Wednesday, August 04, 2004

Real Time With Bill Maher

If you haven't checked it out already, Real Time with Bill Maher on HBO is a must-see this campaign season. It debuts every Friday night at 11pm. This week, Bill's guests include former Representative Bob Barr and Cokie Roberts. Last week's episode (re-airing tonight at 11:30pm) featured the incomparable sight of Bill Maher and Michael Moore literally getting on their knees begging Ralph Nader to get out of the race. He also gave his take on the Democratic convention:

Political conventions are important and they deserve to be broadcast and viewed in their entirety. You can't call everyone in Washington "morons" if you don't know exactly what it is that makes them morons. Now, the conventional wisdom about conventions is that they're no longer worthy of our attention because they're too produced and there's no drama. You want drama? Hitch a ride home with Ted Kennedy.

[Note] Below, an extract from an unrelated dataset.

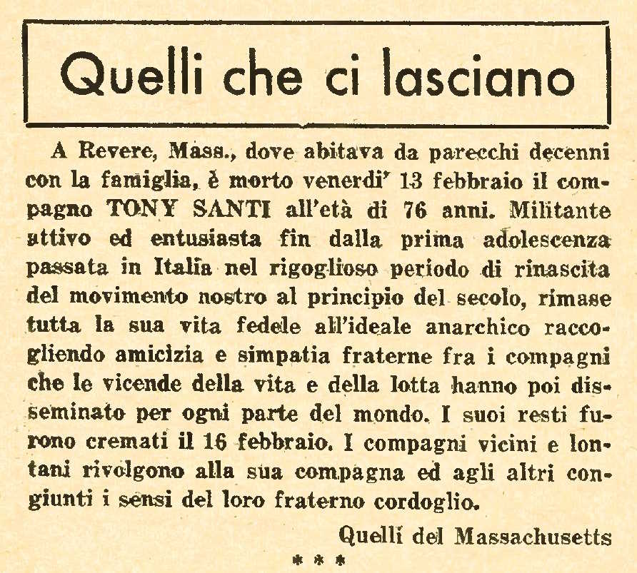 Occitània). Amadeu Sinca Vendrell (1911-1989) *** - Simón Tapia Colman: El 13 de febrer de 1993 mor a la Ciutat de Mèxic (Mèxic) el músic i compositor anarquista Simón Tapia Colman –també citat com Tapia-Colman. Havia nascut el 24 de març de 1906 a Aguarón (Saragossa, Aragó, Espanya). Sos pares es deien Benito Tapia, músic clarinetista, i Remedios Colman. Quan tenia sis anys ja tocava el violí en les festes del poble i amenitzava els descansos dels jornalers. Apadrinat pel periodista i compositor de sarsueles Juan José Lorente Millán, aconseguí una beca de la Diputació de Saragossa per estudiar música a l'Escola Municipal de Música. Quan tenia 11 anys ja feia concerts al teatre Parisiana de Saragossa, amb obres de Paganini i Sarasate. Instal·lat a Madrid, estudià amb Julio Francés, concertino de l'Orquestra Simfònica madrilenya, i amb Conrado del Campo i Francisco Calés al Real Conservatori. Novament becat, marxà a París, on estudià a partir de 1924 en la càtedra de composició de Vicent d'Indy. En tornà creà una orquestra i el «Quartet de Corda Colman» i fou membre de l'orquestra del teatre Apolo de Madrid. Quan esclatà la guerra ja pertanyia al moviment llibertari. A finals de 1936 fou nomenat instructor de Tir a les casernes Fermín Salvochea de Barcelona per formar les columnes de la Confederació Nacional del Treball (CNT). El gener de 1937 ingressà, com a integrant del Grup Hispània, en la Federació barcelonesa de la Federació Anarquista Ibèrica (FAI). El juliol de 1937 assistí a València al Ple Peninsular de la FAI en representació del Comitè Regional de Catalunya. En acabar la guerra passà els Pirineus i acabà al camp de concentració de Sant Cebrià, del qual fugí; capturat, fou internat al camp d'Agde. Aconseguí embarcar a l'«Ipanema» i el 7 de juliol de 1939 arribà al port de Veracruz, s'establint-se a Mèxic. Al país asteca desenvolupà una important tasca musical: professor i director del cor del Colegio Ruiz de Alarcón, director del Ballet Español d'Ana Maria, violinista de l'Orquestra Simfònica Nacional de Mèxic, programes radiofònics de comentaris musicals (Música de España), fundador i director del Cor de Mèxic, director del Cor de la Comissió Federal d'Electricitat, professor i director del Conservatori Nacional de Mèxic, catedràtic d'Història de la Música i d'Organologia, investigador musical de l'Institut Nacional de Belles Arts, catedràtic d'Estètica de la Universitat Iberoamericana, membre de l'Institut Mexicà de Ciències i d'Humanitats, etc. Nacionalitzat mexicà, es casà amb Esperanza Alcázar, filla del cardiòleg del president Lázaro Cárdenas del Río, amb qui tingué vuit fills, tots vinculats amb la música, especialment sa filla Silvia Tapia (Prisma). En 1956 fou el primer representant de Mèxic al qual la BBC londinenca li estrenà una simfonia amb l'Orquestra de Manchester, dirigida aleshores per Hugo Ringold. Aquest mateix any rebé el premi de la Unió de Cronistes de Teatre i Música de Mèxic. En 1989, mig segle després del seu exili, viatjà a Saragossa, convidat per la directora del Conservatori de la ciutat, i rebé un homenatge a la Sala de Música del Palau de Sástago. Fou autor de més de dues-centes obres, algunes força conegudes (Una noche en Marruecos, Leyenda gitana, Estampa de Iberia, Sísifo, etc.), que s'han publicat en forma de llibre-disc sota el títol Obra sinfónica completa de Simón Tapia-Colman. També publicà centenar d'articles de crítica musical de diverses publicacions mexicanes. Ha estat enquadrat en l'anomenada «Generació Musical de 1927», al costat de Rodolfo Hallfter, Gustavo Pitaluga, Jesús Bal y Gay, Adolfo Salazar i Pilar Bayona, entre d'altres. Simón Tapia Colman va morir víctima d'un càncer, poc abans de concloure la seva òpera en tres actes Iguazú, el 13 de febrer de 1993 a la Ciutat de Mèxic (Mèxic). Fou l'últim compositor exiliat arran de la Guerra Civil espanyola que quedava a Mèxic. Simón Tapia Colman (1906-1993) *** Ricard

We're picking a president here, not the "Last Comic Standing." The media treats these conventions like pointless interruptions of
their real job covering the Scott Peterson trial. No surprises, no excitement. Hey, you know what's exciting? It's exciting when politicians get drunk with power because people aren't keeping an eye on them. No one expected we'd retaliate for 9/11 by attacking... Iraq! Ooh, unpredictable, exciting! And the reason the conventions are so "produced" is because if they weren't, the networks wouldn't air any of it. And the sight last night of John Kerry rushing through his speech in a cold sweat so that he wouldn't go over time and force viewers to miss the first two minutes of "Elimidate," was one of the saddest moments in the history of democracy. The man is proposing how to rule the globe, and we treat him like it's audition night at The Improv and he just got the light. I'm not saying everyone has to pore over issues and read everything that's out there. We can't even get our president to do that. But the conventions are one of the only times when the election isn't reduced to sound bites and attack ads. When you can get to know these people a little. It's not exciting enough just to hear Theresa Heinz Kerry? Oh, I'm sorry, next time we'll get Justin Timberlake to whip her tit out! You know - you know, maybe the conventions aren't boring. Maybe it's the people who don't participate in their society who are boring. You know, once every four years, the two parties put on
a little pageant for you: "These are our faces. These are our voices. This is our vision of America's future." You'd think that would be a little more interesting than reruns of "Celebrity Poker." But convention viewership was actually down two million. What does John Kerry have to do to get your attention? Fuck Omorosa?! And one last thing. If you think the Democratic Convention was too slick, wait until the Republicans end their convention with Osama bin Laden making a grand entrance in chains from the back of the arena like King Kong!